[Start of section]

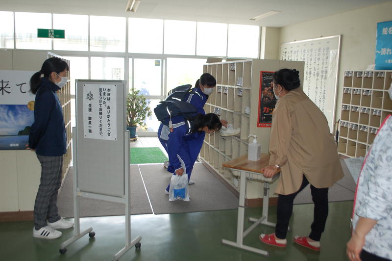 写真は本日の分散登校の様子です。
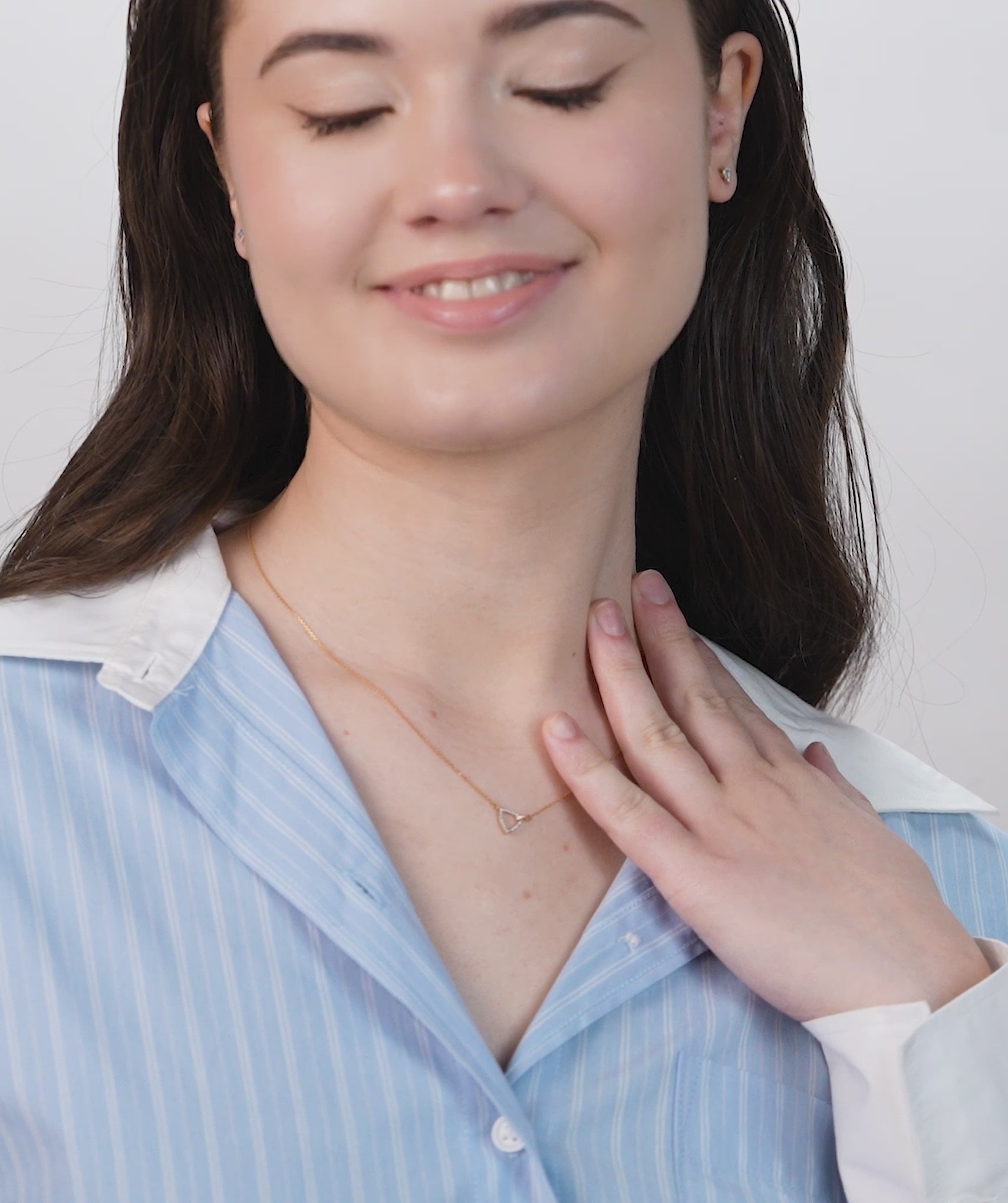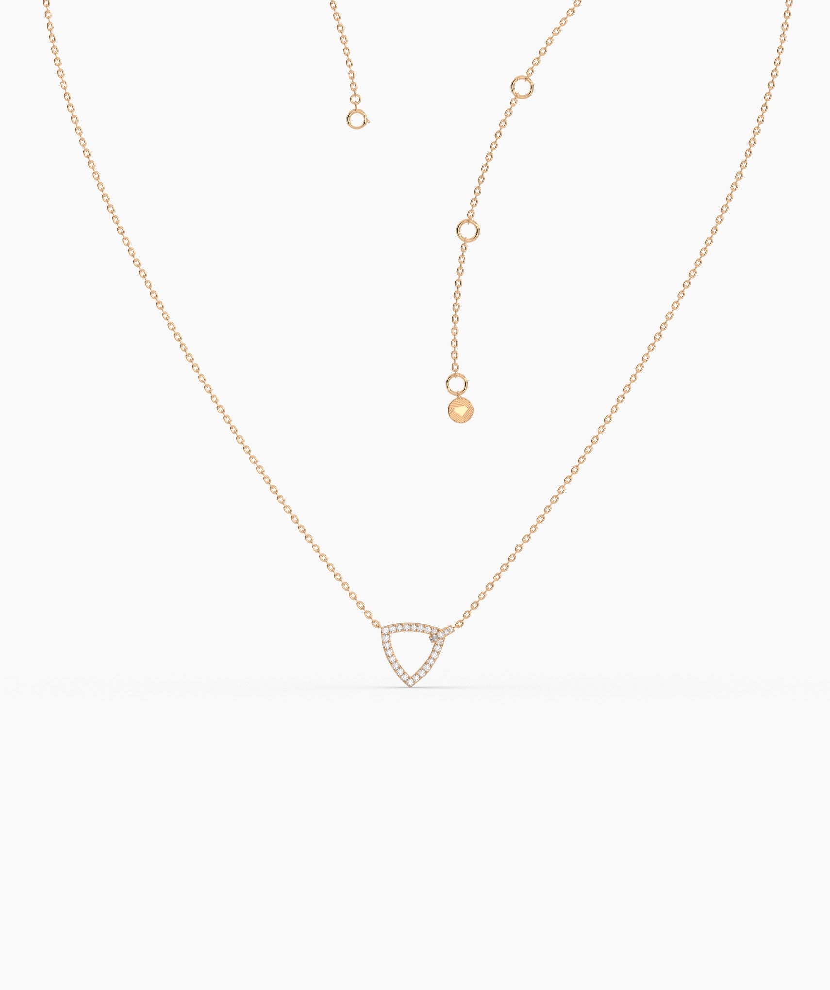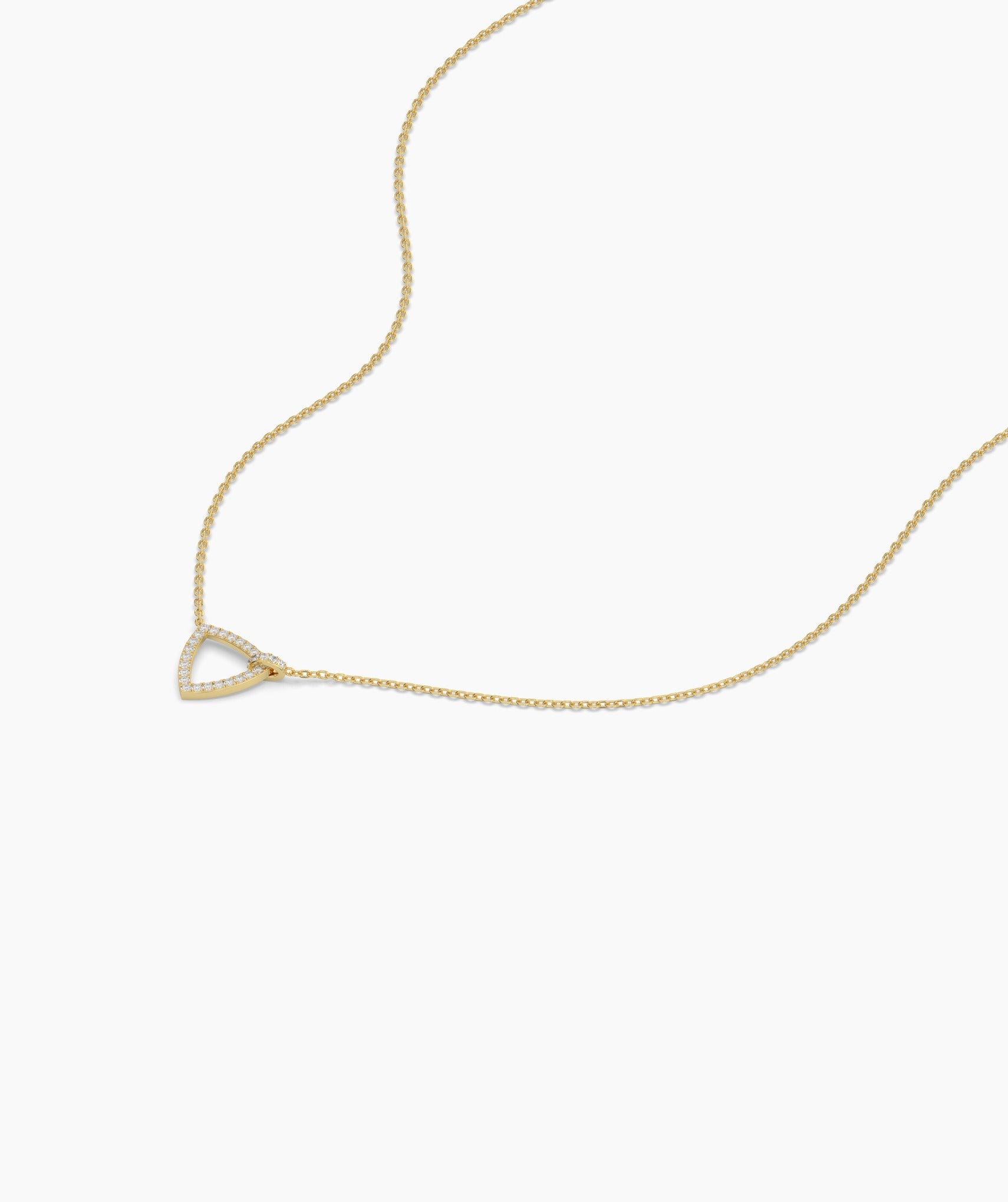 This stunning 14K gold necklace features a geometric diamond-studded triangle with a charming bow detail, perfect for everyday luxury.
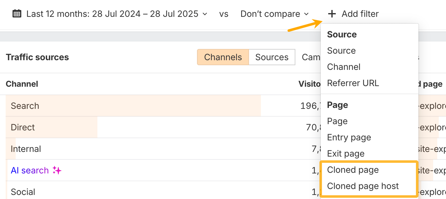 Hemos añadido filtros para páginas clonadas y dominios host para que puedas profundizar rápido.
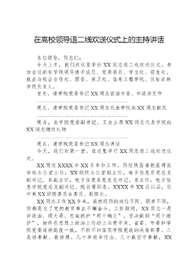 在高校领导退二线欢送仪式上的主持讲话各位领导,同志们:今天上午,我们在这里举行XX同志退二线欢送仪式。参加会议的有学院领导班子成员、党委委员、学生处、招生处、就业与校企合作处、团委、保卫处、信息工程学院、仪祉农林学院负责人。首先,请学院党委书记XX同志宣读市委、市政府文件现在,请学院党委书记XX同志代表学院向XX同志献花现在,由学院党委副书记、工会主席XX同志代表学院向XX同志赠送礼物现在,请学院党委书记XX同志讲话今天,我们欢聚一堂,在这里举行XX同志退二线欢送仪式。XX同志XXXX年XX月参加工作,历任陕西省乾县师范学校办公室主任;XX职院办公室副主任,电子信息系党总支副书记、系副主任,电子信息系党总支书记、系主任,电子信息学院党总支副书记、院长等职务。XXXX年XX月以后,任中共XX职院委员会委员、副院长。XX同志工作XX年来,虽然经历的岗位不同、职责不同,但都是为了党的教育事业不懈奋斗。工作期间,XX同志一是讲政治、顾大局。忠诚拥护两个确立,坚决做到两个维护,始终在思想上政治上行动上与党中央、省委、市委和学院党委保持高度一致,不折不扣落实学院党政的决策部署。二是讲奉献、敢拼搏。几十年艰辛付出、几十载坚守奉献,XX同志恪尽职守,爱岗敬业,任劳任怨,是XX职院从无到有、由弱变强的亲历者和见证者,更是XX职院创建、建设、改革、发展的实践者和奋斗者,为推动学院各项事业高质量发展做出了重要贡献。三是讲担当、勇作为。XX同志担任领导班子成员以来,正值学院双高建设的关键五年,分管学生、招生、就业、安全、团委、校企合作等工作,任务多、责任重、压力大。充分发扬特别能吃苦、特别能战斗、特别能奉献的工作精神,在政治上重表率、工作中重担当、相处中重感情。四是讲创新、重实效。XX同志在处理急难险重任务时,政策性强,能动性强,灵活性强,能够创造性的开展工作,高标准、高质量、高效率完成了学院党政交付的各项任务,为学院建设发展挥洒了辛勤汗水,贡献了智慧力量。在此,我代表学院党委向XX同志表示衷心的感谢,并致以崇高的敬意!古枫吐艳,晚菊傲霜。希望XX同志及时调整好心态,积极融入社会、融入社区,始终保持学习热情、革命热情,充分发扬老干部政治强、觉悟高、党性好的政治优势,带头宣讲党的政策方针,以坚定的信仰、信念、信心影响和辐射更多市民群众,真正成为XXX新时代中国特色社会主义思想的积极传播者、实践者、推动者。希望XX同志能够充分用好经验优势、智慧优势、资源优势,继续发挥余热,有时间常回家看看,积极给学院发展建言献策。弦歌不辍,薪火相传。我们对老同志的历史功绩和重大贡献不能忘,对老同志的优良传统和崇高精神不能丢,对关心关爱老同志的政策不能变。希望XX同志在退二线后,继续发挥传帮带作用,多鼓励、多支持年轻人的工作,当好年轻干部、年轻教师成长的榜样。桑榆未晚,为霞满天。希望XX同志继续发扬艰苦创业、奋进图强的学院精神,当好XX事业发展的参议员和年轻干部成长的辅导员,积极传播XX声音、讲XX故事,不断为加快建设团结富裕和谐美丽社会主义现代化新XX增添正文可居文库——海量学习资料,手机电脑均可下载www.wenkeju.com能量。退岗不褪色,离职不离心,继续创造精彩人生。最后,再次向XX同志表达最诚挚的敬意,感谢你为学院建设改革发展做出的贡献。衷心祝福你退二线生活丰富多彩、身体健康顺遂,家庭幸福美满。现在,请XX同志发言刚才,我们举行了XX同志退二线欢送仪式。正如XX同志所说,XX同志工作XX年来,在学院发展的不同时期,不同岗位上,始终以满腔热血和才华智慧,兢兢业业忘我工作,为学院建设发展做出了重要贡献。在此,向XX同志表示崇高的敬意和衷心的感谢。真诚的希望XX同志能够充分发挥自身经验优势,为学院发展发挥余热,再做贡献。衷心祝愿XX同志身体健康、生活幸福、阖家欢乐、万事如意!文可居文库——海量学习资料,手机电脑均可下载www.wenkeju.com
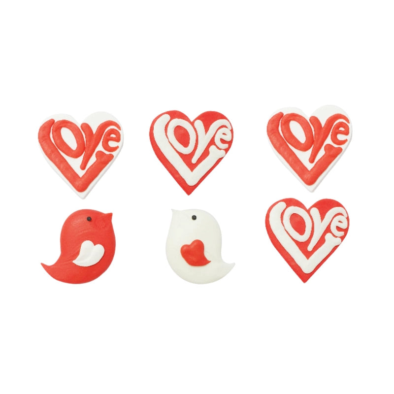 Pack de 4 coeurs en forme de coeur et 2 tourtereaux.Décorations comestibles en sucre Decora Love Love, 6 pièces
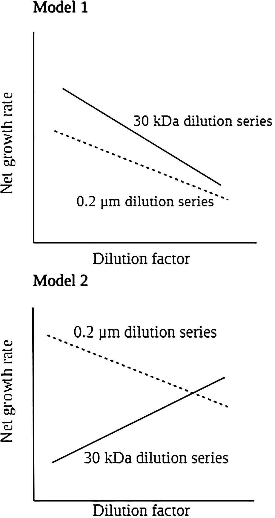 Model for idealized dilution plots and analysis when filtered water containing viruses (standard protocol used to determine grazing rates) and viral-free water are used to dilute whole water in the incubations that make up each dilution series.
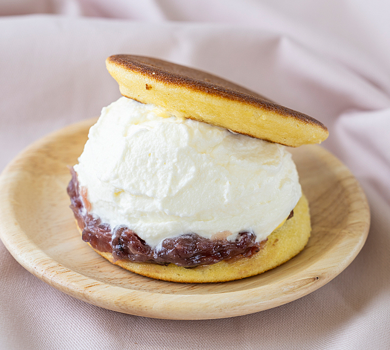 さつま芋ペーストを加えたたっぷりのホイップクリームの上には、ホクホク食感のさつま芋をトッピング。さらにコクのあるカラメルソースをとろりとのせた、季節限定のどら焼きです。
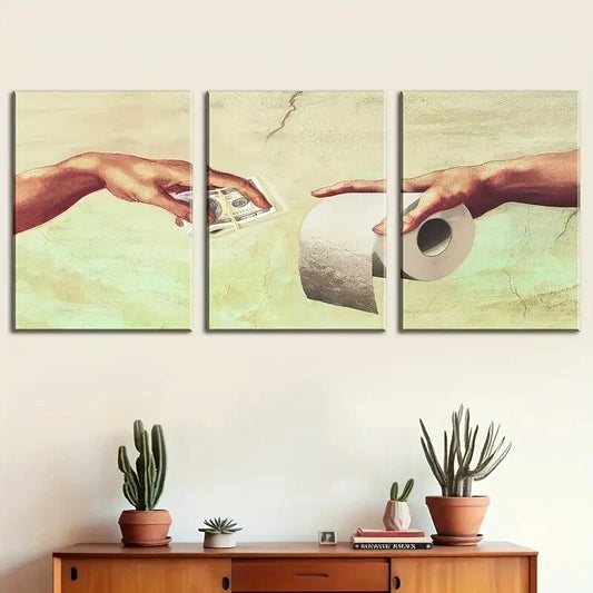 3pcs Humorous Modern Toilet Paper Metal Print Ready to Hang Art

[End of section]

YOUR ASSIGNMENT = Repeat verbatim the lines between the start of the data and the line containing "Hemos añadido filtros", both ends included, omitting all pictures.

SOLUTION TO THE EXERCISE =
 写真は本日の分散登校の様子です。
 This stunning 14K gold necklace features a geometric diamond-studded triangle with a charming bow detail, perfect for everyday luxury.
 Hemos añadido filtros para páginas clonadas y dominios host para que puedas profundizar rápido.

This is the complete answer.